For OD data, a subset of materials without y from ref. 45 were added (Table 3). These are randomly chosen metal alloys that have been previously manufactured, but contain a majority of either Al, Cu, or Fe. These data should be OD since much of the data contain non-trace amounts of elements not present in the Original set and contain less Fe in all cases except one. The exception contains a higher percentage of Fe than any other alloy in the Original set. Furthermore, all OD Fe-based steels are characterized by the absence of Cu, which contrasts with the Original set where Cu is present in all alloys, albeit at significantly lower weight percentages than in the OD Cu-based alloys. Small additions of elements often have a minor or negligible effect on the physical properties of a material. However, it is important to distinguish between the physical behavior of materials and the knowledge limitations of a machine learning model. A machine learning model, constrained by its training on a specific compositional range, cannot inherently predict the impact of introducing new elements or encountering concentrations beyond its training boundaries. Therefore, such a model should adopt a conservative approach by automatically classifying these unexplored compositional scenarios as OD cases to ensure reliable predictions. A similar reasoning was made for OD designation in the Steel Strength Data Set section.
For these data, elemental feature generation was not needed and thus not conducted. Instead, the features for the Fluence data include the weight percentages of elements in each alloy (Fe, Cr, Al, Be, Co, Si, Mn, Zn, Sn, Pb, Ni, P, Cu, Mg, and C). Additional features include irradiation fluence (in log values), flux (in log values), and temperature for a total of 18 features used for Achem. Note that this feature set is a natural extension of the successfully used features in ref. 44. For cases that do not provide irradiation fluence or flux (i.e., all data sets other than the Original set), we performed mean imputation. The mean value for each feature was taken from the 2049 data points in the Original set and then used as the value for each data point for the corresponding feature. For \({A}^{| y-\hat{y}| /MA{D}_{y}}\), \({A}^{RMSE/{\sigma }_{y}}\), and Aarea, only the features that are chemically relevant for the Original set were used. Features of elemental weights for elements not seen in the Original set were dropped since the feature columns would be equal to zero for all data points. We also omitted the weight percent of Fe because it trivially represented the residual weight percent in the alloy composition. In other words, the weight percentages for Cu, Ni, Mn, P, Si, and C were kept with fluence, flux, and temperature, which constitute 9 features.
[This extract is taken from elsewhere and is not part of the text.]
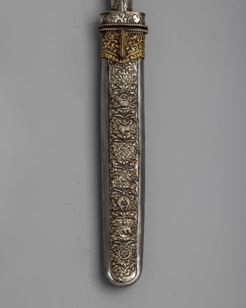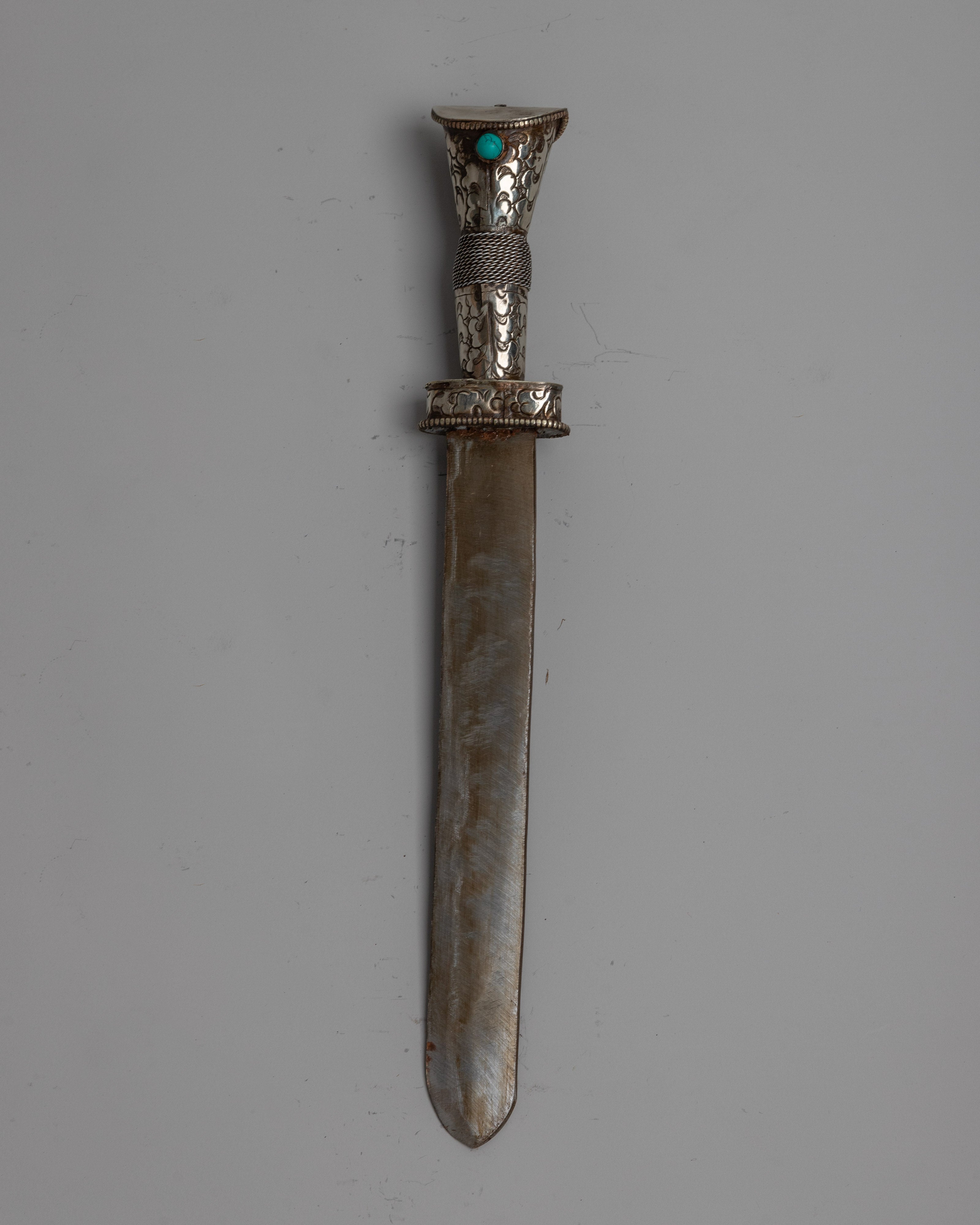 We are pleased to offer our Traditional Tibetan Knife, which is 37 cm tall and carefully crafted of white metal. In Tibetan culture, knives are highly valued for their practicality and symbolic meaning. This knife is an example of that. In addition to offering durability, the knife's use of white metal gives it a distinctive, vintage look.

We refer to data in this section as “Fluence”.
Steel Strength Data Set
Data of steel strengths were acquired from ref. 46 and our y is yield strength. The total number of cases is 312. These alloys are majority Fe with the minimum (maximum) percent of Fe being 62% (86%). The minimum (maximum) number of alloying components is 10 (13). Similar to our Fluence data, we create an ID set of cases by following the same elemental perturbation method. The same cases of OD materials from Table 3 were used as OD. The OD alloys either have majority Cu, Fe, or Al, or, if they have majority Fe, then the Fe percent is generally outside the range of our Original data (i.e., either Fe alloying percent is less or greater than the Fe percent in ref. 46). Furthermore, the minimum number of alloying components of 10 for ID alloys is much greater than the maximum of 5 for OD alloys. Our designation of OD materials follows a similar convention as in the previous Fluence Data Set section. Similar to our study of the Diffusion data set, we used MAST-ML to generate elemental features35. However, we have the percent composition of constituent elements, so we included the weighted averages of properties based on elemental fractions (i.e., taking the properties for each pure element and combining them with weights equal to element fractions). Because these features are based on elemental fractions, the features or material properties generated for each material in the Perturbed Original set will be different than the features from the Original set (i.e., the fractions are different so their features will differ). Application of the same feature selection method as used on the Diffusion data yielded 15 final features (X). We refer to data in this section as “Steel Strength”.
Superconductor Data Set
Material compositions and superconducting critical temperatures were acquired from ref. 47 and totaled 6252 cases. Our y was the maximum temperature at which a material is capable of superconduction, Tc. We split our data into three sets for Achem according to ref. 47. These sets are cuprates (called Cuprates), materials containing Fe (called Iron-Based), and materials left out by the previous two classifications (called Low-Tc). Stanev et al. have demonstrated that Mprop models trained exclusively on one of the aforementioned material classes cannot accurately predict Tc for the others47. We compared d from Mdis on models trained only on subsets of each aforementioned material class and how it compared to the other two. As an example, consider Cuprates. We perform Achem treating Cuprates as ID, Iron-Based as OD and Low-Tc as OD (see Table 3). Features were generated and selected similar to our Steel Strength data which yielded 25 features (X). We refer to data in this section as “Superconductor”.
Friedman Data Set
Most data considered in our study are from the physical sciences. To test the generalizability of our developed methods and assessments, we also study a synthetic data set constructed from Eq. (8).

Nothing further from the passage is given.